正社員だと「辞めたいけど言い出しにくい」「あの人と何年も顔を合わせる」と悩みがちです。派遣なら、更新のタイミングで別の職場に移れます。人間関係の悩みを次の年まで引きずらずに済むのは、心の負担が軽い働き方です。
④ 困ったときは派遣会社が間に入ってくれる
派遣では、あなたと施設の間に「派遣会社の担当者」がいます。だから、言いにくいことを自分で施設に言わずに済むのが安心材料です。
たとえば「聞いていた仕事内容と違う」「残業が多すぎる」といったトラブルが起きたとき、担当者に相談すれば、代わりに施設へ伝えてくれたり、条件を調整してくれたりします。ひとりで抱え込まなくていいのは、はじめての職場では特に心強いポイントです。
介護派遣のデメリット・注意点(契約期間に注意)
いい面ばかりではありません。派遣を選ぶなら、次の弱点も必ず知っておいてください。ここを理解せずに始めると「こんなはずじゃなかった」になりがちです。
① 契約に「期限」がある(雇い止めの不安)
派遣の契約は、3か月ごとの更新が一般的です。更新され続けるかぎり働けますが、逆に言えば「次は更新しません」となる可能性が常にあります。これを雇い止め(やといどめ)といいます。

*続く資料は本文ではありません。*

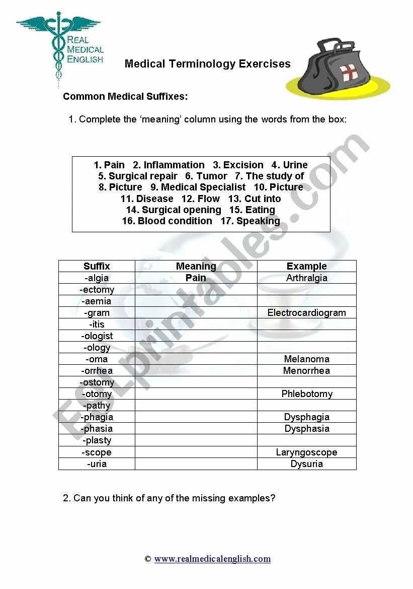 Medical terminology is a complex and specialized language used by health care professionals that includes a variety of suffixes. Knowing the various suffixes and their meanings can be a great help in understanding medical terminology. This step-by-step worksheet guide will provide you with the information you need to understand medical terminology suffixes.
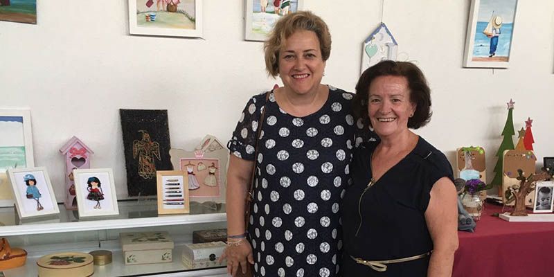María Isabel Teruel, profesora, y sus alumnas se muestran muy satisfechas por la excelente acogida que ha tenido su muestra entre los vecinos de Alovera.
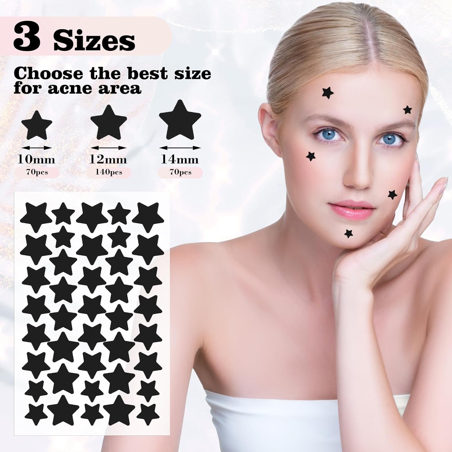Add a little style while covering up spots. These star-shaped patches come in 3 sizes, making it easy to choose the right fit for any area. They blend with your look, are gentle on skin, and let you go through the day with confidence. Perfect for day or night use.

たとえば、施設の利用者さんが減ったり、経営が厳しくなったりすると、更新されないことがあります。正社員のような「よほどのことがないかぎり続けられる」安定はない、と理解しておきましょう。
② ボーナス・退職金が基本的にない
派遣は時給で働くため、賞与(ボーナス)や退職金は基本的に出ません。月々の時給が高くても、年2回のボーナスがある正社員と1年トータルで比べると、差が縮まる、あるいは逆転することもあります。

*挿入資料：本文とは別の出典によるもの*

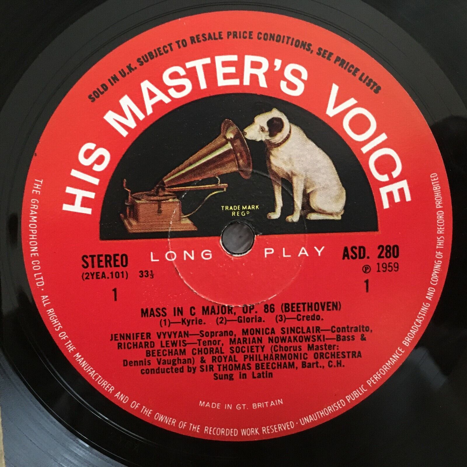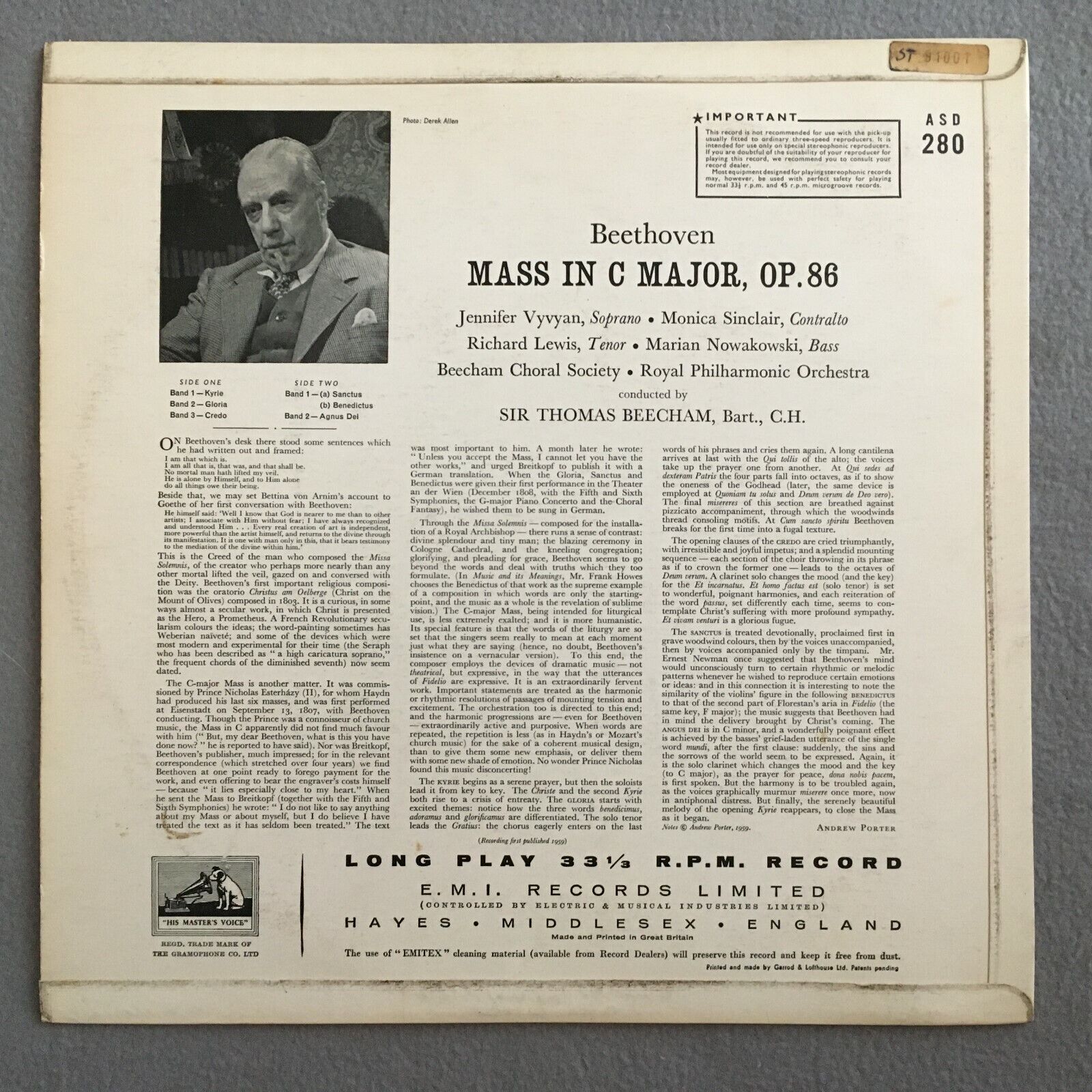 Z898 Beethoven Mass Vyvyan Sinclair Lewis Beecham HMV EMI ASD 280 Stereo
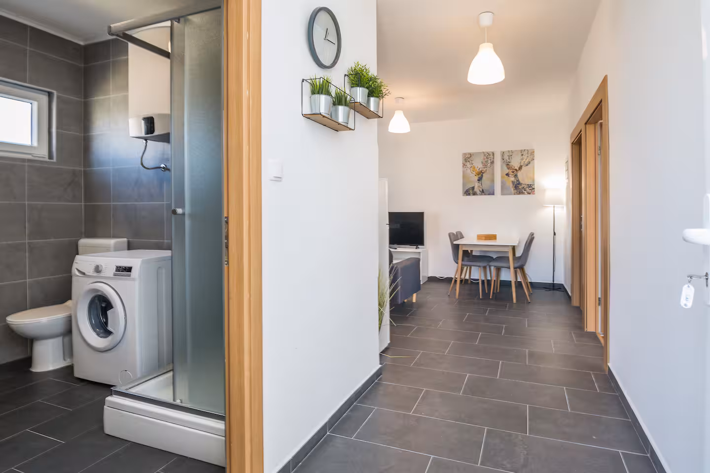 Moderna kupaonica s walk‑in tušem, perilicom rublja i svim potrepštinama.
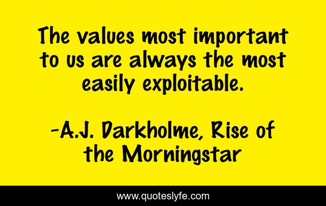 This page presents the quote "The values most important to us are always the most easily exploitable.". Author of this quote is A.J. Darkholme, Rise of the Morningstar. This quote is about love, morals, people, manipulation, caution, exploitable, emotions, persuasion, awareness,.
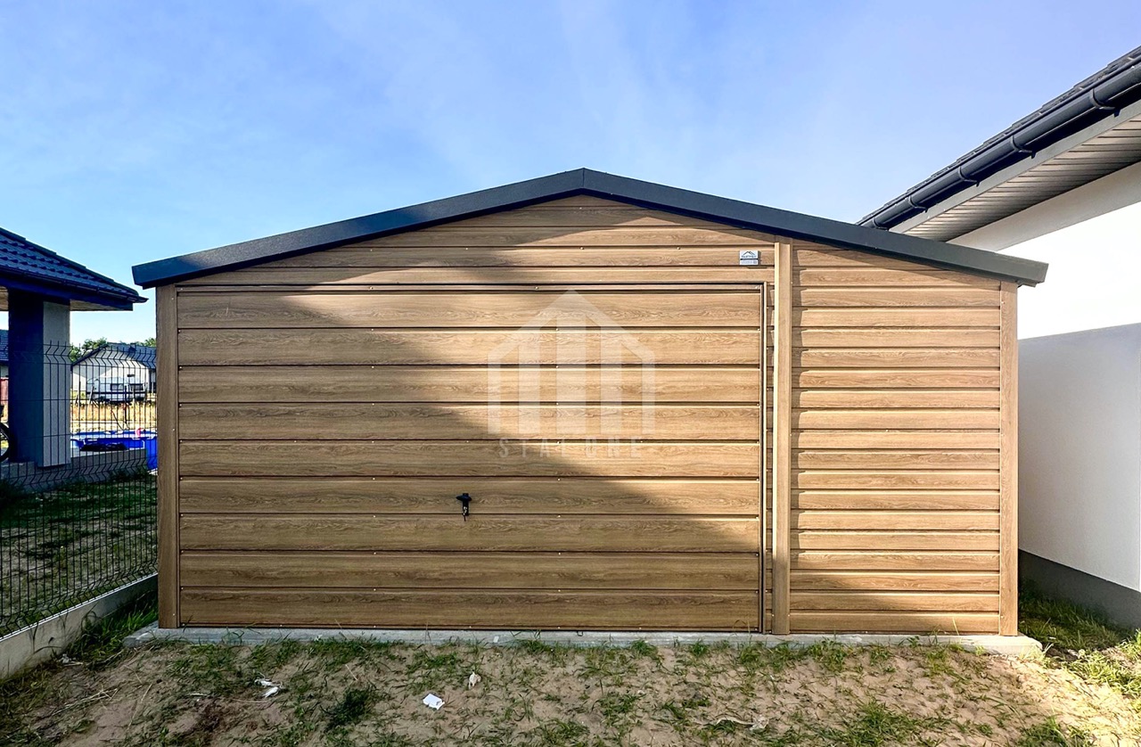 Garaż blaszany 4,5x5m – brama uchylna – drzwi – winchester – drewnopodobny – dach dwuspadowy – rynny SO115

介護職の常勤・月給の人の平均給与は、手当やボーナスを含めて月およそ33.8万円です(厚生労働省「令和6年度 介護従事者処遇状況等調査」)。この「ボーナス込みの額面」と、派遣の「時給×働いた時間」を、年単位で比べてみることが大切です。
③ 「3年ルール」で同じ職場に長くいられない
派遣には、法律(労働者派遣法)で決められた「3年ルール」があります。これは、同じ職場の同じ部署で、派遣として働けるのは原則3年までというルールです。
たとえば、気に入った施設で「ずっとここで働きたい」と思っても、派遣のままでは3年で区切りが来ます。そのまま働き続けたい場合は、施設に直接雇ってもらう(正社員やパートになる)などの切り替えが必要です。「派遣は永住の働き方ではない」と覚えておきましょう。
④ 責任ある仕事・キャリアアップは任されにくい
派遣は「現場の介護」が仕事の中心になります。そのため、委員会の運営、シフト作成、リーダー業務といった責任ある仕事は任されにくい傾向があります。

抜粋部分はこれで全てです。